Find: $\displaystyle \lim_{x\to \frac{\pi}{4}} \frac{\sin 4x}{1-\sqrt{2} \cos x}$ (no L'Hopital)
By L'Hopital it is easy to show that this limit is $-4$. But I'm not finding the right approach to prove without using it.

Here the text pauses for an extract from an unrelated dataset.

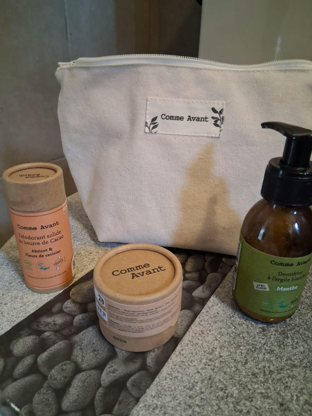 1ère commande avec ce coffret découverte que je ne regrette pas...mes chouchous le savon au beurre de karité et le shampoing (fini le crâne qui gratte avec les couleurs!) le déo tient la journée sans problème et le dentifrice très pratique avec flacon pompe et odeur de menthe très rafraîchissante je n ai pas encore testé la crème solide hydratante j aime ces produits clean avec une composition minimaliste une odeur discrète et la petite trousse toute mignonne j ai déjà effectué une 2ème commande merci pour la qualité de ces produits

Hints and answers appreciated. Sorry if this is a duplicate.
On
\begin{align}\lim_{x\to\frac\pi4}\frac{\sin(4x)}{1-\sqrt2\cos(x)}&=\lim_{x\to\frac\pi4}\frac{2\sin(2x)\cos(2x)}{1-\sqrt2\cos(x)}\\&=\lim_{x\to\frac\pi4}\frac{4\sin(x)\cos(x)\bigl(\cos^2(x)-\sin^2(x)\bigr)}{1-\sqrt2\cos(x)}\\&=\lim_{x\to\frac\pi4}\frac{4\sin(x)\cos(x)\bigl(2\cos^2(x)-1\bigr)}{1-\sqrt2\cos(x)}\\&=-\lim_{x\to\frac\pi4}4\sin(x)\cos(x)\bigl(1+\sqrt2\cos(x)\bigr)\\&=-4.\end{align}
On
Transform your expression like this:
$$\begin{align}\frac{\sin 4x}{1-\sqrt{2} \cos x}&=\frac{2\sin 2x\cos 2x(1+\sqrt{2}\cos x)}{1-2\cos^2x}\\&=\frac{2\sin 2x\cos 2x(1+\sqrt{2}\cos x)}{-\cos 2x}\\&=-2\sin 2x(1+\sqrt{2}\cos x)\end{align}$$
then let $x\to\frac{\pi}{4}$.
On
A simple way is to use $x=t+\pi/4$ that brings the limit in the form $$ \lim_{t\to0}\frac{\sin(4t+\pi)}{1-\cos t+\sin t}= \lim_{t\to0}\frac{-4\sin t\cos t\cos2t}{1-\cos t+\sin t} $$ and use that $$ \lim_{t\to0}\frac{1-\cos t+\sin t}{\sin t}= 1+\lim_{t\to 0}\frac{1-\cos t}{t}\frac{t}{\sin t}=1 $$
On
$$F=\cos A\cdot\lim_{x\to A}\dfrac{\sin4X-\sin4A}{\cos A-\cos x}$$
Method$\#1:$
$$F=-\cos A\cdot\dfrac{\lim_{x\to A}\dfrac{\sin4x-\sin4A}{x-A}}{\lim_{x\to A}\dfrac{\cos x-\cos A}{x-A}}-\cos A\cdot\dfrac{\dfrac{d(\sin4x)}{dx}_{(\text{ at } x=A)}}{\dfrac{d(\cos x)}{dx}_{(\text{ at } x=A)}}$$
Method$\#2:$ $$F=\cos A\cdot\lim_{x\to A}\dfrac{2\sin2(X-A)\cos2(x+A)}{2\sin\dfrac{x-A}2\sin\dfrac{x+A}2}$$
Now use $\sin2(X-A)=2\sin(x-A)\cos(x-A)=4\sin\dfrac{x-A}2\cos\dfrac{x-A}2\cos(x-A)$
Use $$\sin4x=2\sin2x\cos2x=2\sin2x(2\cos^2x-1)=2\sin2x(\sqrt2\cos{x}-1)(\sqrt2\cos{x}+1).$$ I got $-4$.